Starting on New Year’s Day, my attention is drawn to the inevitable tick of the calendar.  1/365, gone.  1/52, gone.  1/12, gone!  Stop, stop!  It is all passing too quickly! 

But this awareness also causes me to re-evaluate how I spend my diminishing days, and upon reflection, I realize that the choices I have made in January are good ones.  Take the decision I made, out of desperation, to send Annie to rehab in Colorado.  Or the decision to quickly abandon a visiting professorship in another city.  Or the tipping point last January that prompted me to just “be” for six months.  It is as though my mind is made up of a bunch of balls in an obstacle course, and January gives me the temporal permission to shake the globe and let them all settle into a new arrangement.

This January was no exception.  Two weeks ago, I started my second term in the M Arch program at CCA.  I had loved the first semester there and anticipated the second to be equally stimulating and rewarding.  [As an aside, I also discovered that I satisfied the requirement for a course in “structures” by my three terms of engineering mechanics, taken…44 years ago!] 

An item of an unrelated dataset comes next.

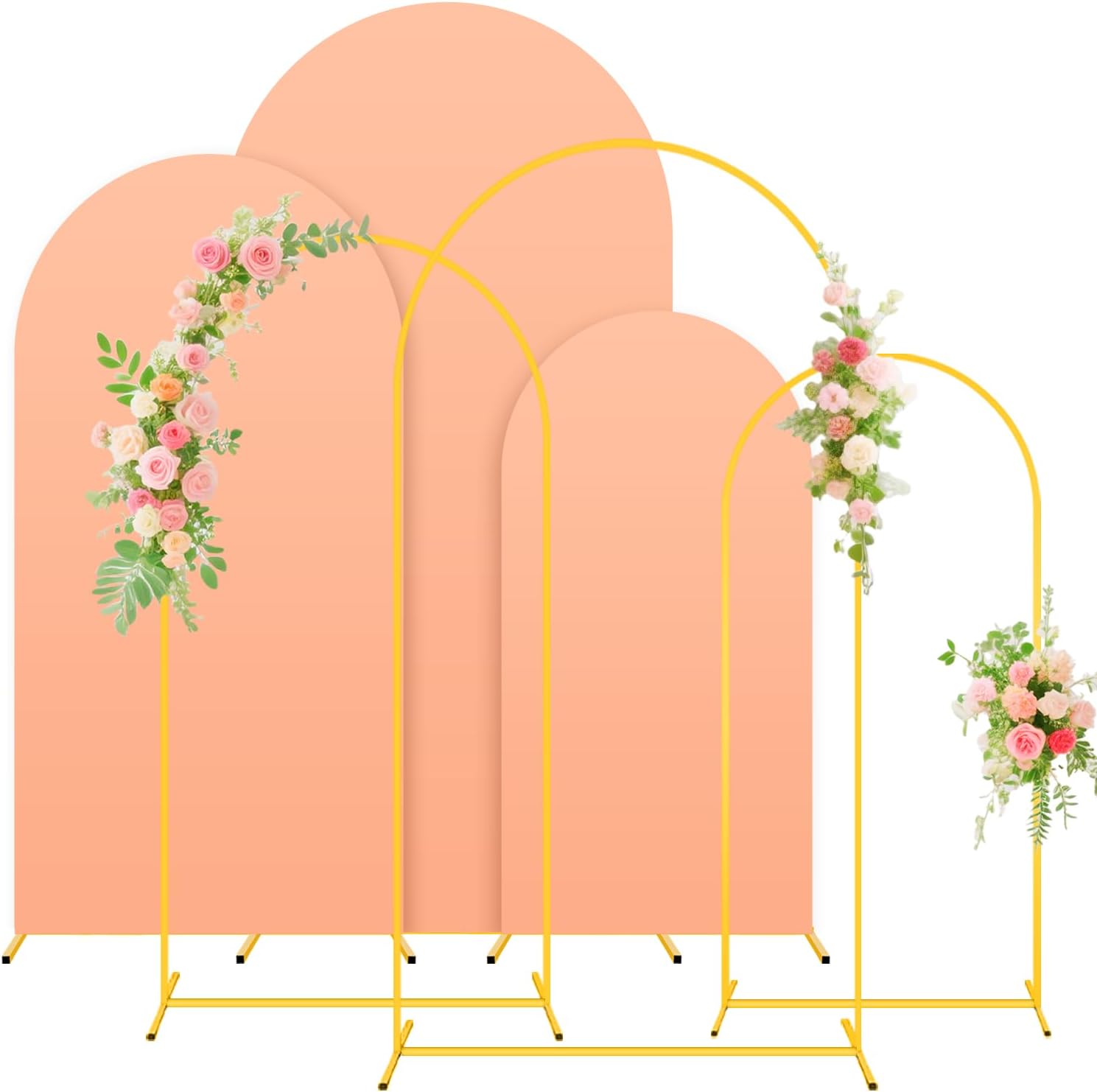 Metal Arch Backdrop Stand Set of 3 with Cover 7.2FT, 6.6FT, 6FT Wedding Arch Stand Arched Frame and Peach Arch Covers Stretchy Backdrop Spandex for Birthday Party Baby Shower Graduation Ceremony Decor

Yet within the first meeting of studio 2, I began to suspect that it was not going to work for me: the timing late in the day, the demanding expectation of a new body of work every two days, the sterility of the instruction.  I had to quickly assess whether this class was going to be a good use of my time in terms of learning, creativity, and joy, and I concluded it was not.  Despite its being a required class in a sequence of studios, I chose to drop it.  In fact, I dropped it twice, because the Dean had encouraged me to give it a second chance, and I did.

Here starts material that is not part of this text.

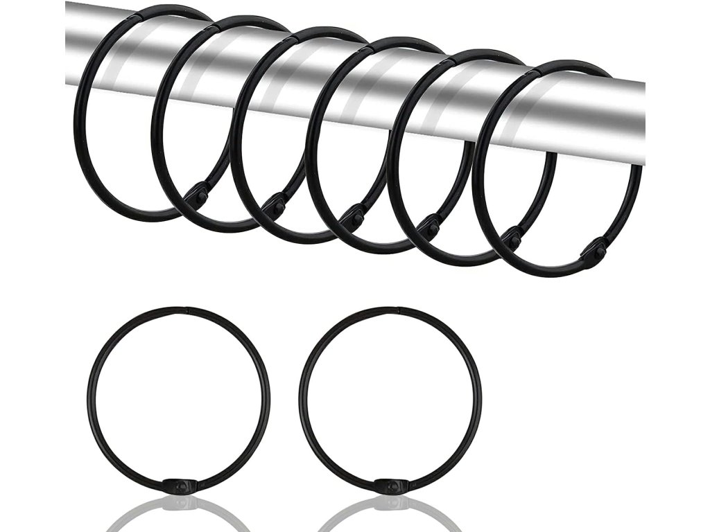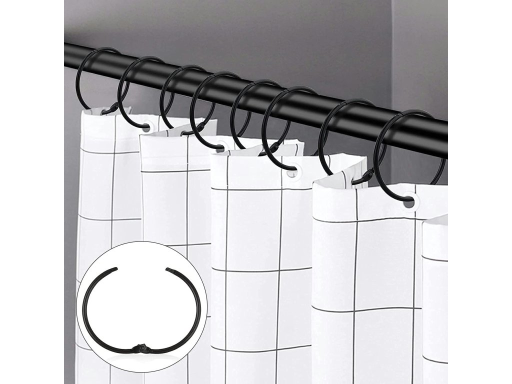 22ks kovové závěsové kroužky 50 mm, černé, na závěsy, sprchový závěs

Now it is Friday, early afternoon.  Instead of scrambling to have my model and drawings ready for a 3pm studio, I am writing.  I woke up to the patter of my daughter and had a conversation with her.  I meditated and read.  

I don’t know what impact my withdrawal will have on my future in the graduate program here at CCA.  I am still loving my Design Media class, and I will probably pick up a painting class.  But it is reminding me that I need to follow my own path, to sort out what is stimulating and useful, and to let go of what is not.  

For now and for me, this was the right choice.